**Task objective:**
Excluding pictures, reproduce word for word the lines from the one containing "Mehandi green and" through the end of the material below.

**Available data:**
'''

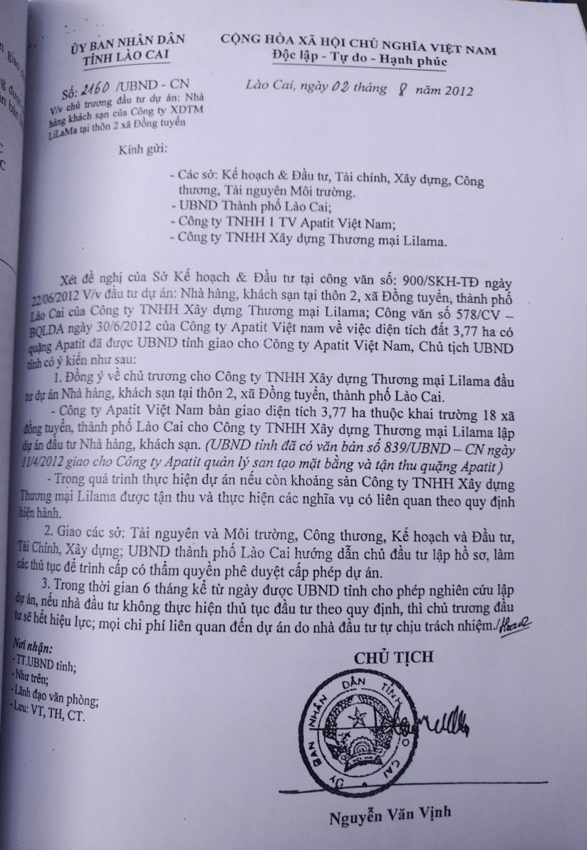 Ngoài ra, TAND tỉnh Lào Cai yêu cầu điều tra, làm rõ sự khác nhau về diện tích, số lượng quặng và trị giá quặng khai thác trái phép thuộc khai trường 18 đã được Bộ Công thương phê duyệt quy hoạch quặng Apatit tại Quyết định số 28 ngày 18/8/2008; làm rõ diện tích, số lượng quặng và trị giá quặng khai thác trái phép nằm ngoài khai trường 18 trong tổng diện tích 5,99 ha nói chung và trong 3,77 ha tại thôn 2 xã Đồng Tuyển, TP Lào Cai Cai được UBND tỉnh Lào Cai ký cấp giấy chứng nhận đầu tư cho Công ty Lilama thực hiện dự án khách sạn, nhà hàng nói riêng.
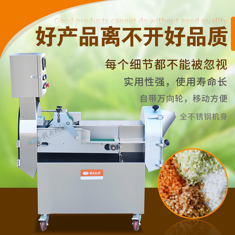 好產品離不開好品質,贛云切菜機采用全不銹鋼機身,堅固耐用,使用壽命長。機器細節(jié)之處也經(jīng)過精心打磨,注重品質,值得廣大客戶的信賴,設備實用性強。切菜機工作效率高,一臺機器堪比10個人工,大大的節(jié)省了人工成本。
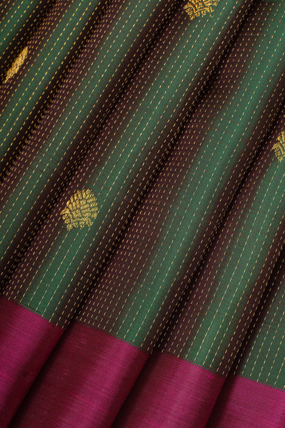 Mehandi green and red stripes pure kanchipuram silk saree
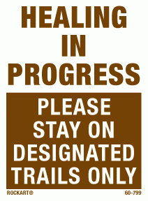 60-7993 x 4 decal. Healing in progress. Please stay on designated trails only. White/brown. Reflective.

'''

**Answer below:**
 Mehandi green and red stripes pure kanchipuram silk saree
 60-7993 x 4 decal. Healing in progress. Please stay on designated trails only. White/brown. Reflective.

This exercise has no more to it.